Technically speaking, “hybrid reranking” is not an inherently complex concept, and to be honest, it is a technique I had never seriously considered using in the past. Back when I focused on deterministic security models, this approach felt somewhat hand-wavy—a makeshift alternative devised by engineers detached from the realities of production systems who could not find a definitive answer. However, managing statistical data operations has made me realize that smashing multiple data attributes into a single numeric value to turn a vector into a scalar was a rather crude approach.
As a side note, when I initially designed this system, I intended to avoid over-engineering since it runs on a small local LLM. However, trying to incorporate enterprise-grade functionalities has made the resulting solution feel slightly ambiguous. Consequently, configuring the initial setup in a large-scale system will likely be quite challenging.
In an enterprise environment, when building a Large Language Model (LLM) based Retrieval-Augmented Generation (RAG) pipeline, the most frequent technical bottleneck stems from the inherent limitations of a single-dimensional search strategy. Dense vector-only retrieval (vector_only), which relies on continuous distributed representations, excels at capturing the compressed semantic similarity of context.

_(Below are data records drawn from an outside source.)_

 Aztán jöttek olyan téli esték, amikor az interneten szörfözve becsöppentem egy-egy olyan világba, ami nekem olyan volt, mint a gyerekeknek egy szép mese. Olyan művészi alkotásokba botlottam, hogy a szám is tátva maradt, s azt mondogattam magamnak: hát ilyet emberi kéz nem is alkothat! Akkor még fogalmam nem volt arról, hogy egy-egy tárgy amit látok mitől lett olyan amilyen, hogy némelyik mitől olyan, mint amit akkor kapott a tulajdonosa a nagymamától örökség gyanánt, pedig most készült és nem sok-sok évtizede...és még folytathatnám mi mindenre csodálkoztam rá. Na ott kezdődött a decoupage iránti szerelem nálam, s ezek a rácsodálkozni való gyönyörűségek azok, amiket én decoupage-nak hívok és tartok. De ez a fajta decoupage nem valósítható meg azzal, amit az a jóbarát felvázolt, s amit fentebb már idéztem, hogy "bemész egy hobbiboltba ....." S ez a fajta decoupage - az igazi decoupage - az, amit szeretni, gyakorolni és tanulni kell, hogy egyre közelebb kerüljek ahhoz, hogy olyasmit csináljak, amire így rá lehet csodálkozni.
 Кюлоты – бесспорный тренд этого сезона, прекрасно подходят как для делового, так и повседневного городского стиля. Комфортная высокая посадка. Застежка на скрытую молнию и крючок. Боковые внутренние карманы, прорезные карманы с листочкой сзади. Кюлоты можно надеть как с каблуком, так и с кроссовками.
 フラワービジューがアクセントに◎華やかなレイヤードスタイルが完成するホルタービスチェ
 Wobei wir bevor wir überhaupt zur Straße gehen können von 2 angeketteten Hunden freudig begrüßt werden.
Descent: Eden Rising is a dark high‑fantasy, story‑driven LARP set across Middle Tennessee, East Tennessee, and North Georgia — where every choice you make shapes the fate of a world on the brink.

However, it suffers from degraded matching accuracy when handling exact-match queries containing specific part numbers, unique symbols, error codes, or critical keywords.
To resolve this trade-off and mitigate embedding model biases, the Navigator module (navigator/searcher.py, navigator/reranker.py, navigator/orchestrator.py)—the retrieval serving framework of the Bastion-RAG architecture—runs a hybrid search engine that unifies dense vector retrieval and sparse keyword search.
This post provides a technical analysis of the low-level source code specifications driving the Reciprocal Rank Fusion (RRF) pipeline, which merges two complementary retrieval streams, alongside the Cross-Encoder Reranking process that cross-evaluates and reorders the multidimensional candidate pool.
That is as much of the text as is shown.